Po długiej podróży lądem i morzem grupa sześciu sióstr dotarła do Saint- -Mary-of-the-Woods. W głębi puszczy znalazły skromną, drewnianą kaplicę. Padły na kolana przed Najświętszym Sakramentem, składając podziękowanie Bogu i prosząc Go, by pokierował nimi na nowej placówce. Pokładając wielką ufność w Bożej Opatrzności, m. Teodora stawiła czoło wielu wyzwaniom i wytrwale prowadziła dzieło, które Pan jej powierzył. Gdy umarła w 1856 r., siostry prowadziły szkoły i sierocińce w całym stanie Indiana. Powiedziała kiedyś: «Jak wiele dobra zrobiły siostry z Saint-Mary-of- -the-Woods. O ile więcej dobra będą mogły zrobić, jeśli pozostaną wierne swojemu świętemu powołaniu!»

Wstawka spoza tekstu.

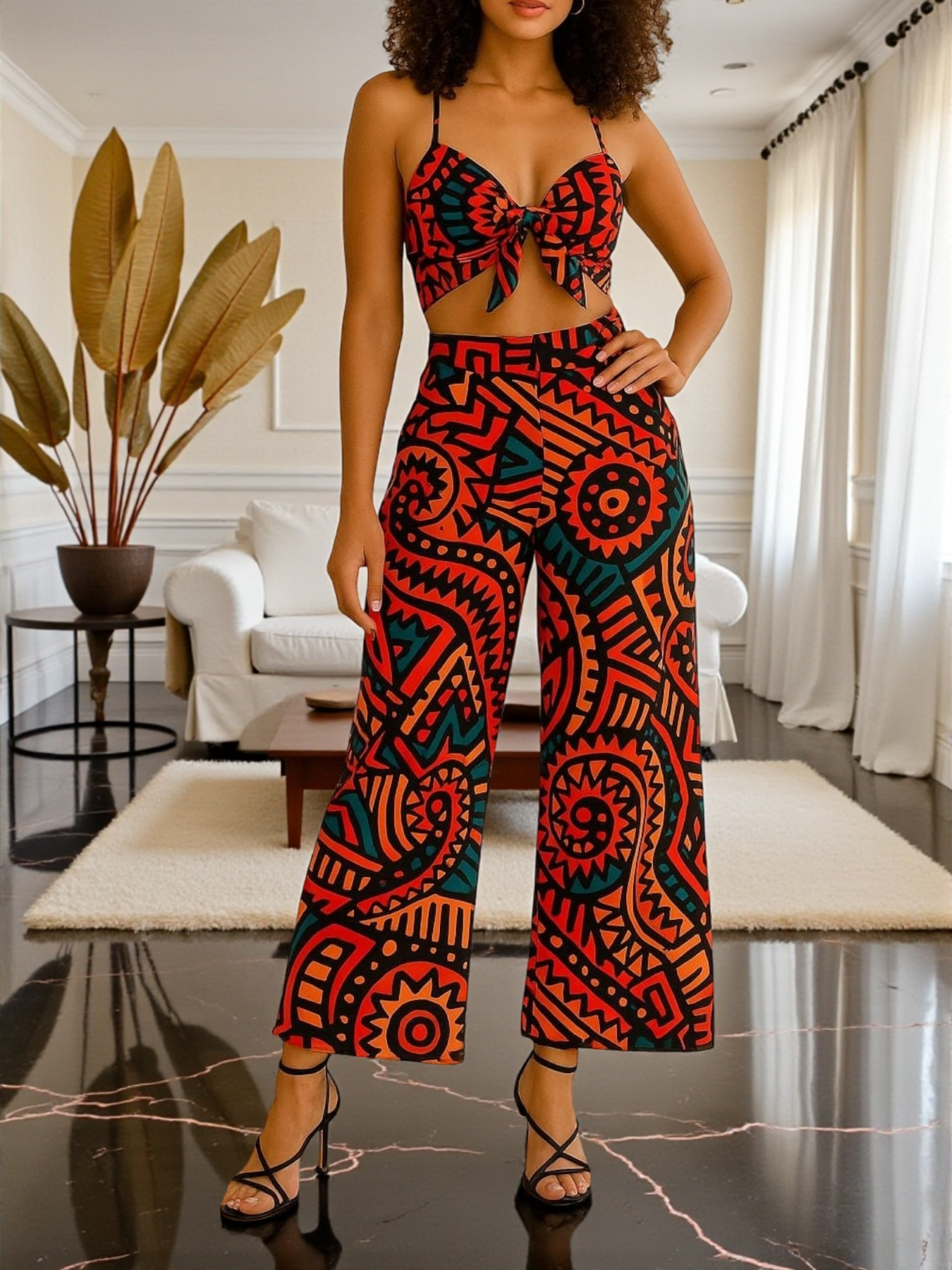 Atrévete a destacar con este set elaborado en tela noche de viena, una fibra suave, ligera y de caída elegante que realza tus curvas con total comodidad, su estampado vibrante y lleno de personalidad convierte cada paso en un declaración de estilo.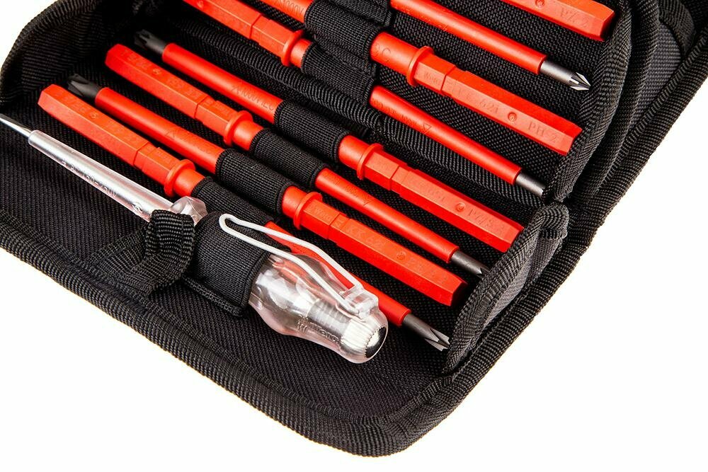 Отвертка Wera WE-003471 со сменными изолированными жалами, индикатор и ключи от шкафов в сумке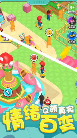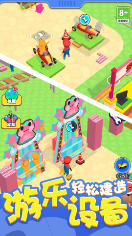玩家可以自由的规划游乐场的布局,包含了休息区、水饮区、休息区等等。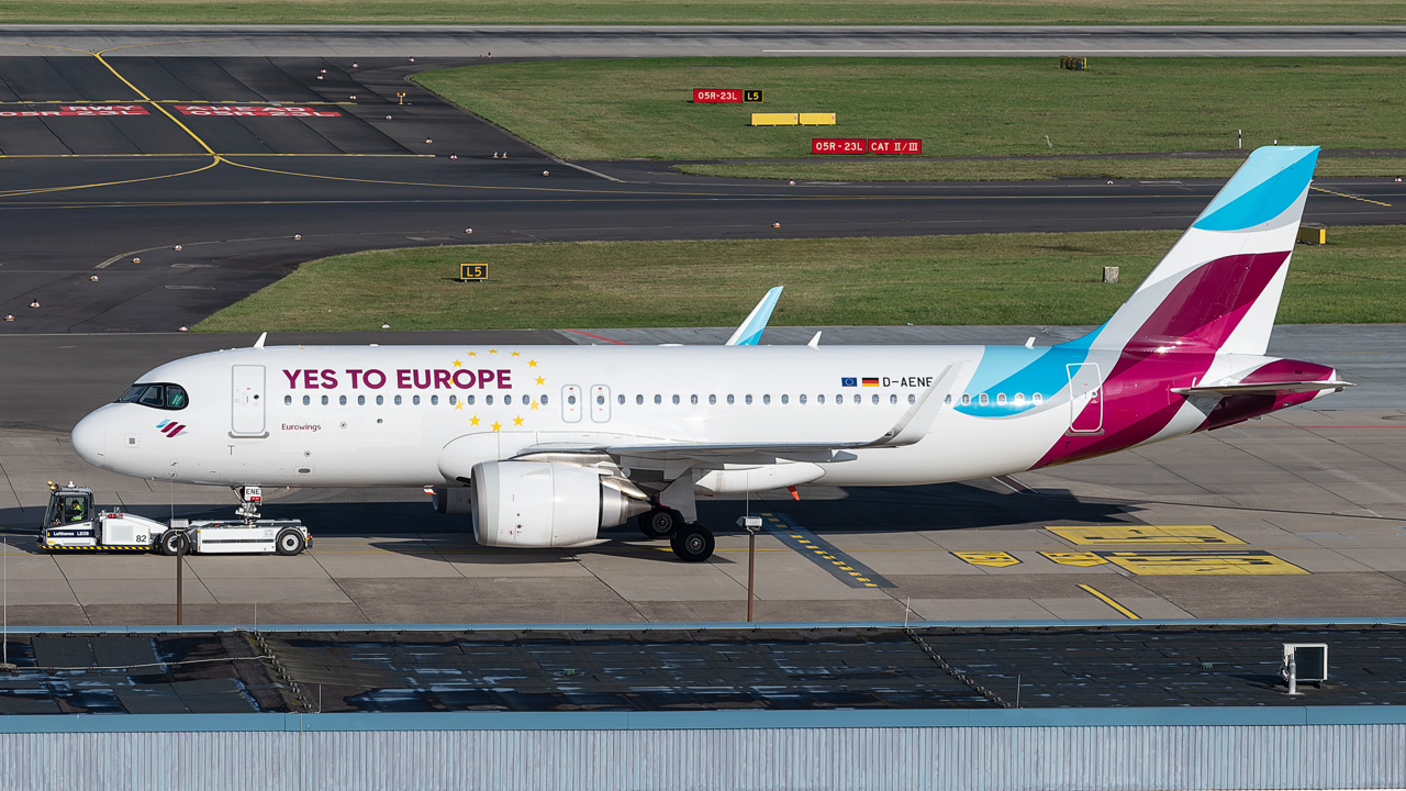 Als erstes wurde Eurowings mit "Yes to Europe"-Titel zum Gate geschleppt. Die Maschine wurde anlässlich der

M. Teodora Guérin to piękna postać duchowa i wzór życia chrześcijańskiego. Była zawsze gotowa wypełniać powierzane jej przez Kościół misje, a siłę i odwagę do ich realizacji dawała jej Eucharystia, modlitwa i nieskończona ufność w Bożą Opatrzność. Ta wewnętrzna siła sprawiała, że szczególną uwagę poświęcała ubogim, a zwłaszcza dzieciom.
Drodzy bracia i siostry, dziękujmy Panu za dar świętości, który dzisiaj lśni w Kościele szczególnym blaskiem. Podobnie jak dzisiejszych świętych, również i nas powołuje Jezus, byśmy za Nim poszli i dostąpili życia wiecznego. Niech ich przykład i świadectwo oświeci młodych, a przede wszystkim doda im odwagi, by poszli za Chrystusem, urzeczeni Jego spojrzeniem pełnym miłości. Niech Maryja Królowa Świętych sprawi, że pośród ludu chrześcijańskiego znajdą się mężczyźni i kobiety tacy jak św. Rafał Guízar Valencia, św. Filip Smaldone, św. Róża Venerini oraz św. Teodora Guérin, gotowi opuścić wszystko dla Królestwa Bożego i kierować się logiką daru i służby — jedyną logiką, która zbawia świat. Amen!